Munger slurped some more of his coffee, sucking down a whole lot of air with it, rather like an old toothless geezer sitting on a park bench with a runny nose and nowhere to go. “I don’t like the whole idea of you being in contact with Slawski, y’hear? I want ya to stop calling him. This is
my
investigation, not his. I’m the primary detective vis-à-vis this case.”

I finished my sandwich and poured myself more coffee. “Okay, let’s say I did kill Thor Gibbs.”

“Let’s say you did,” he agreed.

“Why did I do it? What’s my motive?”

Munger held his hands out to me, palms up. “You tell me.”

“No, no. Please continue, Lieutenant. You’re doing so much better than I ever could.”

“Okay.” Munger stuck out his lower lip, flicking at it with his thumb as if he were about to count out a wad of bill. “The oldest one working—the girl.”

“What about her?”

“Helluva pair of tits on her, huh? Guy might do just about anything for a chance to bury his teeth into ‘em. Bet she’s got some kind of little lemon squeezer on her, too. Sweet and juicy and—”

“Are you trying to get a rise out of me or a rise out of yourself?”

“Don’t dick me, Hoag,” he snarled, turning mean. “Trooper on duty the other night saw Clethra Feingold sneak in here in the wee hours wearing almost nothing. Saw a light go on upstairs in the master bedroom. Saw it go out. And he didn’t see her come out again until morning.”

“So?”

He leered at me. “So your wife—”

“Ex-wife.”

“Your ex-wife was in New York. Just you and the girl here all alone in this great big house. Old man Gibbs out of the way. Nice and tidy, y’ask me.”

“Are you insinuating there’s something going on between the two of us?”

“I ain’t insinuating it, Hoag. I’m
saying
it—you’re slipping it to her. The man showed up here with her. You wanted her. So you killed him for her.”

I tugged at my ear. “I see.
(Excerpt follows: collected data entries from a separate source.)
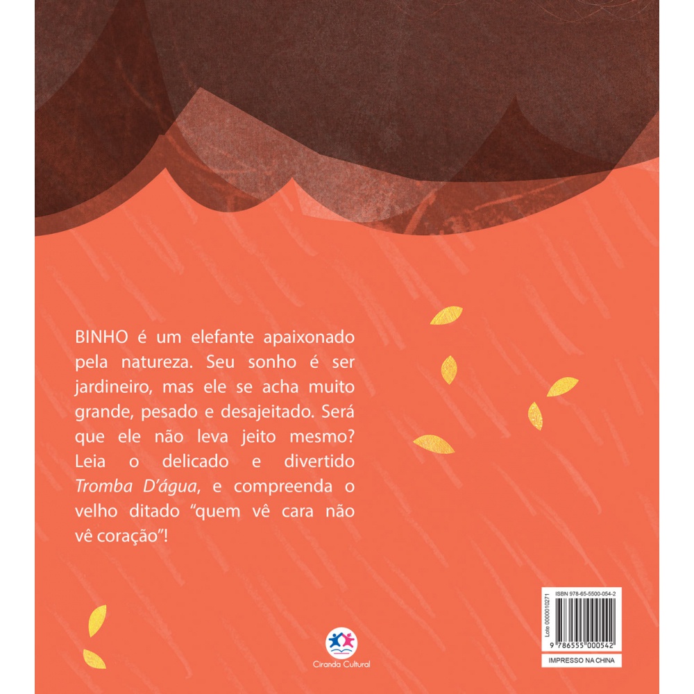 Conheça Binho, um elefante apaixonado pela natureza. Seu sonho é ser jardineiro, mas ele se acha muito grande, pesado, desajeitado. Será que é isso mesmo? Leia o delicado e divertido Tromba d'água e veja como é sempre atual o velho ditado: quem vê cara, não vê coração!. Editora: Ciranda Cultural Edição: 1, 2020 Autor: Leo Cunha Idioma: Português Páginas: 40 Dimensões: L 23.00 x A 26.00 x E 0.40 ISBN: 9786555000542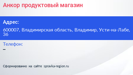 Анкор, продуктовый магазин по адресу 600007, Владимирская область, Владимир, Усти-на-Лабе, 36 в дальнейшем Организация, размещена в следующих категориях: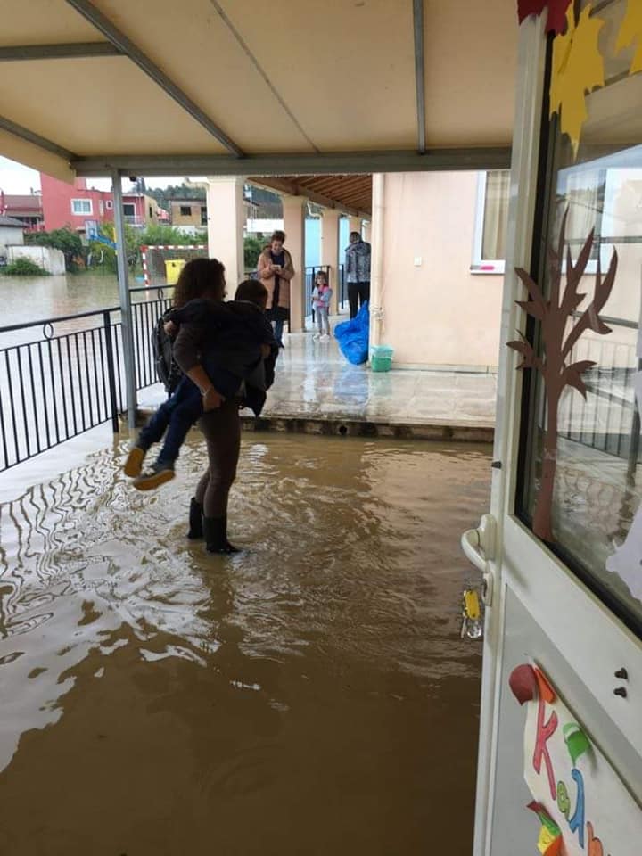 Μετά τη Νέα Φιλαδέλφεια, όπου μαθητές αναγκάστηκαν να φτιάξουν γέφυρα από θρανία ώστε να διαφύγουν από το προαύλιο του σχολείου τους που μετατράπηκε σε λίμνη από την καταιγίδα, εκπαιδευτικοί στην Κέρκυρα έβγαζαν αγκαλιά τους μαθητές από το πλημμυρισμένο σχολείο.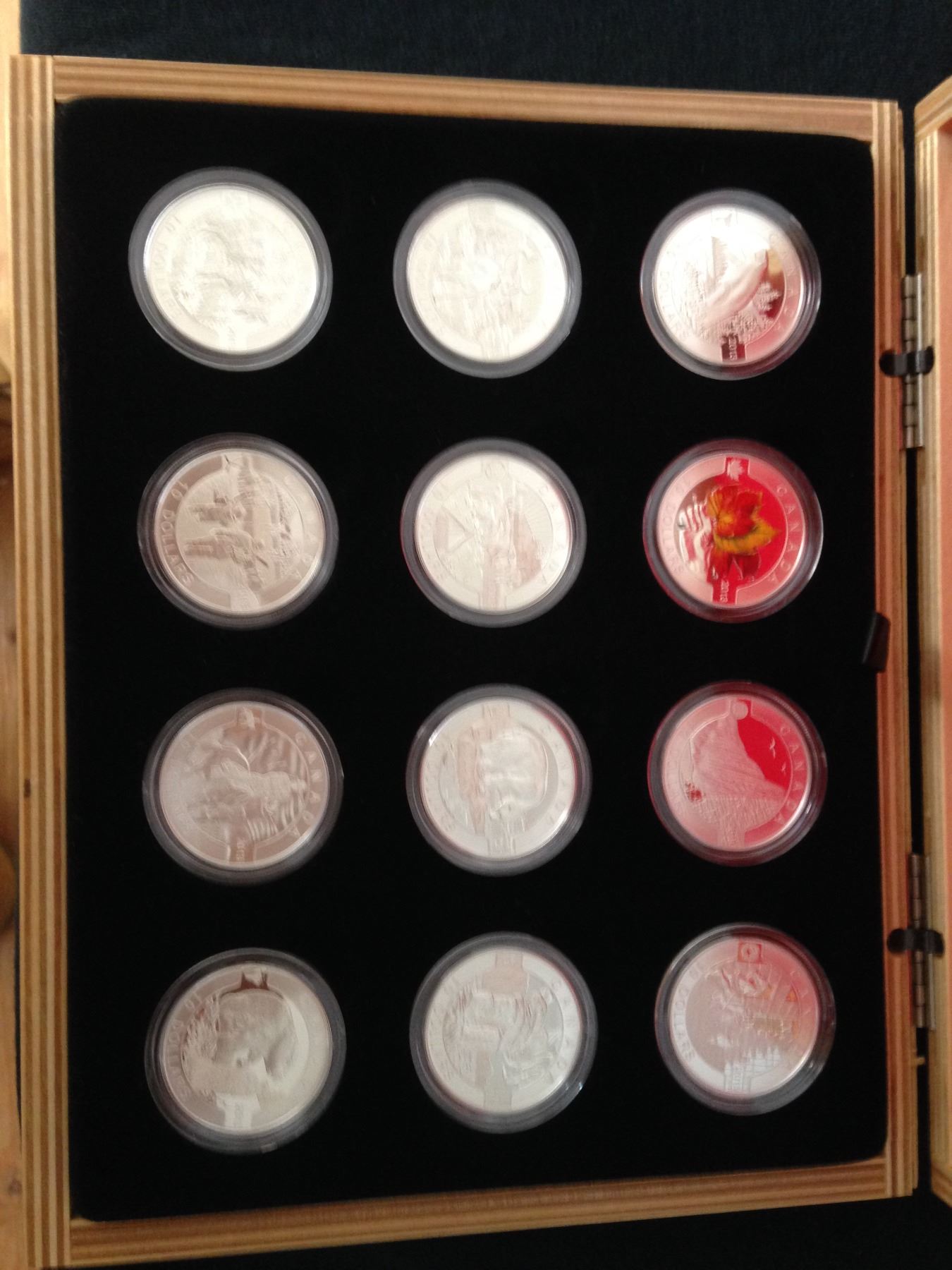 O Canada 12 Coins Serie Set #1 Collector Set (The Inukshuk, Hockey, The Polar Bear, Te Maple Leaf Painted, The Orca, The Caribou, The royal Canadian Mounted Police, The Beaver, Canadian Holiday Season, Canadian Summer Fun, The Wolf, Niagara Falls)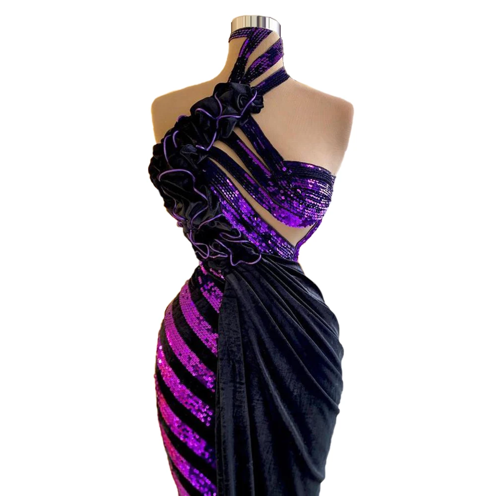 Женское вечернее платье с блестками Floria, фиолетовое блестящее пл...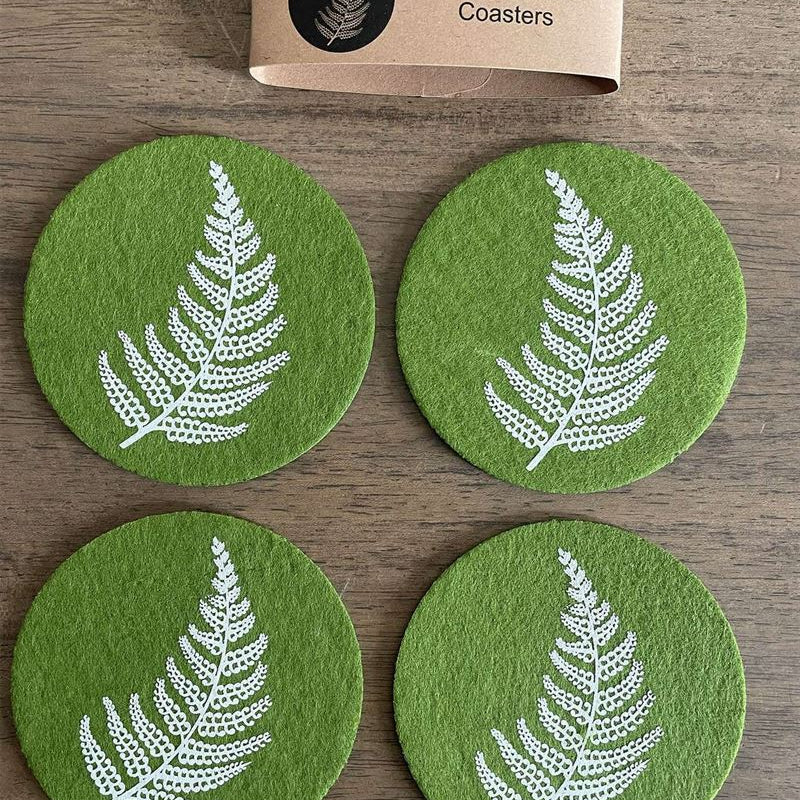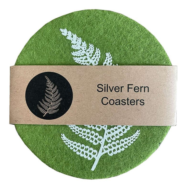 Silver Fern On Green Set of 4 - Ecofelt Coaster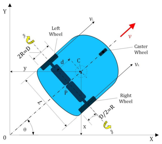 Model of the kinematics of a non-holonomic differential drive consisted of two wheels is illustrated in Figure 7, where: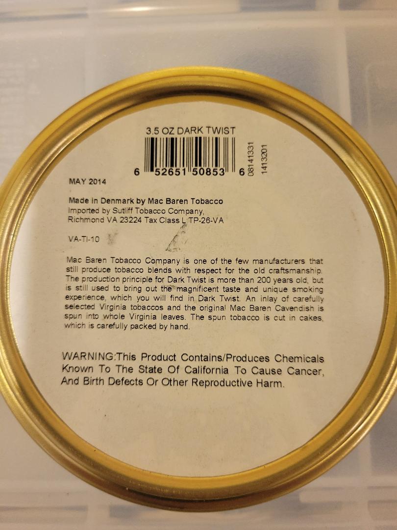 1x MacBaren Dark Twist Tin from 2014. This blend has over 7 years of age and has aged very nicely. Terrific smoke.
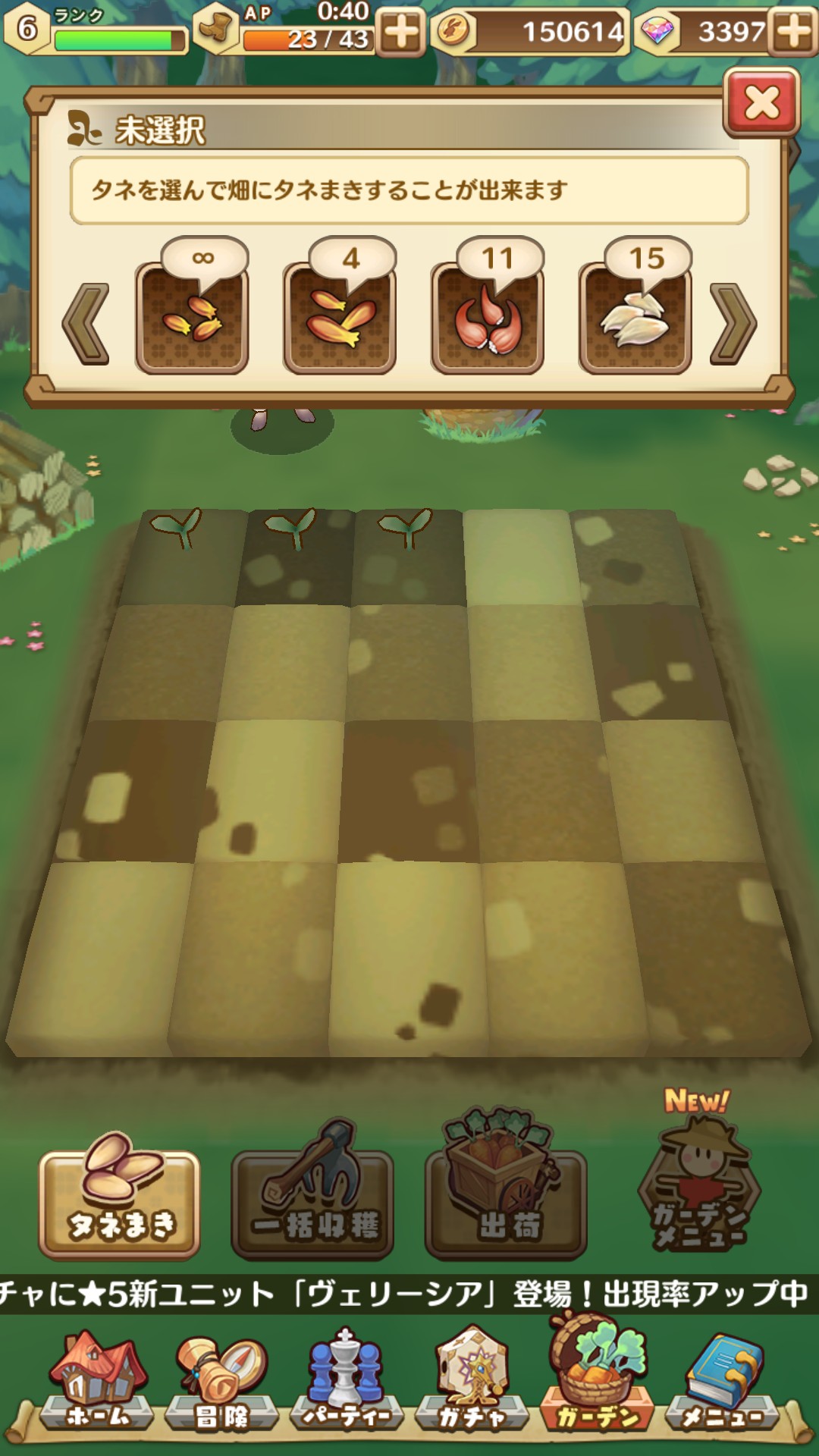 ガーデンメニューで手に入れた人参を見たりできます。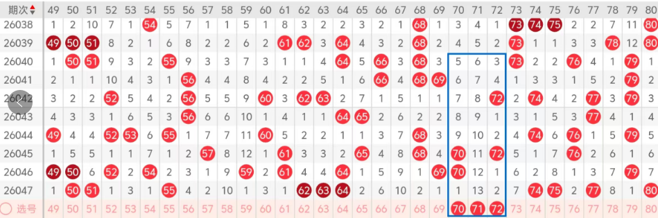 第四区间的走势分析:第四区间上期开出了七个号码球,主要的落号点位在四区间的前后半区,走出了三奇四偶的形态走势,上期四区间的前半区落下了三个号码球,后半区落下了四个号码球,整个四区间处于走热的趋势,根据四区间的走势规律,今天的四区间我们主看四区间后半区龙头位置冷码的回补,主看70 71 72这三个号码球的落位,这里大家可以重点关注一下,注意它们两两组合的落位,这三个号球建议大家打个三胆拖,或者打个三码复二比较稳妥,参考为主!

And why did I kill Tyler Kampmann?”

“I’m still working on that,” Munger said threateningly.

“You keep right on working, Lieutenant,” I said. “And while you’re at it I suggest you go home and wash your mind out with strong soap. I’d try Lava. I believe they still make it.”

“You’re the one needs to come clean, Hoag. You’ll feel a lot better, y’know.”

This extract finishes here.